現代はスピード時代と言われるが、世界的起業家もこの道を経験してきた。西河塾では、塾生自身が高い目標と課題を設定し、自問自答し知恵を絞り、真の経営者、リーダーとは何かを学ぶ機会を提供してきた。私も「モノづくり」講義を通して、塾生にはグローバルビジネスのチャンスとリスクを知ってもらえたらと思っている。
「今後起こる変化を捉え、挑戦する勇気・知恵・努力・粘りが必要」
と語る杉本講師
(注)FANGとはF(フェースブック)、A(アマゾン)、N(ネットフリックス)、G(グーグル)の総称
「経験知」を伝える
大橋克已講師
西河技術経営塾の講師は5年目になりました。今年私は75才となり後期高齢者です。今年の塾生も熱心に経営の勉強をしています。何を学ぶかは人それぞれに違っています。そのため講師として何を伝えるべきかを何時も考えています。私はビジネス界でずっと仕事をしてきたので、そこで経験した経営の知恵を伝えることで、塾生が「経験知」として将来ビジネスに役立ててもらえたらと思う。

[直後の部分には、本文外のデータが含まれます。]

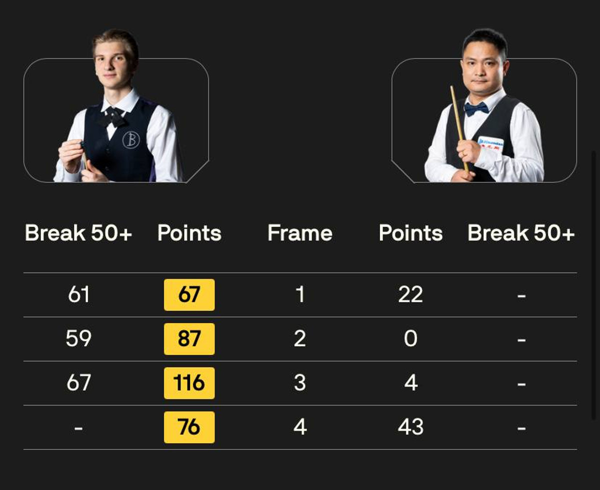 У кожному фреймі 19-річний українець діяв упевнено. Загалом за гру він набрав 346 очок, тоді як опонент всього 69. На рахунку Бойка три півсотенні серії.

私のささやかな経験知に塾生が関心を持ってもらい、将来企業経営者として、自らが経営課題を解決する時に少しでも役立ててもらえればと思う。
セオリーとしての知識を獲得するだけでなく、先輩の実践を通して得た経験知を企業経営の中に加えて、卒業して欲しいと願っている。
「先輩の経験知を、企業経営の中に加えて
卒業をして欲しい」
と語る大橋講師。
異業種などの連携が課題
前田光幸講師
モノやサービスの提供とは、そのモノやサービスに付随する価値の提供であることは言うまでもない。そしてこれまで、企業はモノやサービスの差別化、コスト優位性を追求してきた。そのための技術開発や生産性の向上、人の育成と組織の強化が、企業の課題であった。この課題への不断の努力は企業の生命線であり、今後とも極めて重要である。
しかし、ユーザはもはやモノ・サービス単体を欲しているだけではない。モノで言えば、使用価値、メンテナンス、リサイクルなどのライフサイクル価値に、サービスで言えば、享受の心地よさ、安心感、信頼感など総合価値に焦点を当てることが大事である。
そのためには、多様な価値観が必要であり、異業種や様々な関係者との連携が企業の新しい課題であり、それが企業の優劣を決める。受講生には当塾を、そういう観点から、この新しい課題を考える「場」として欲しい。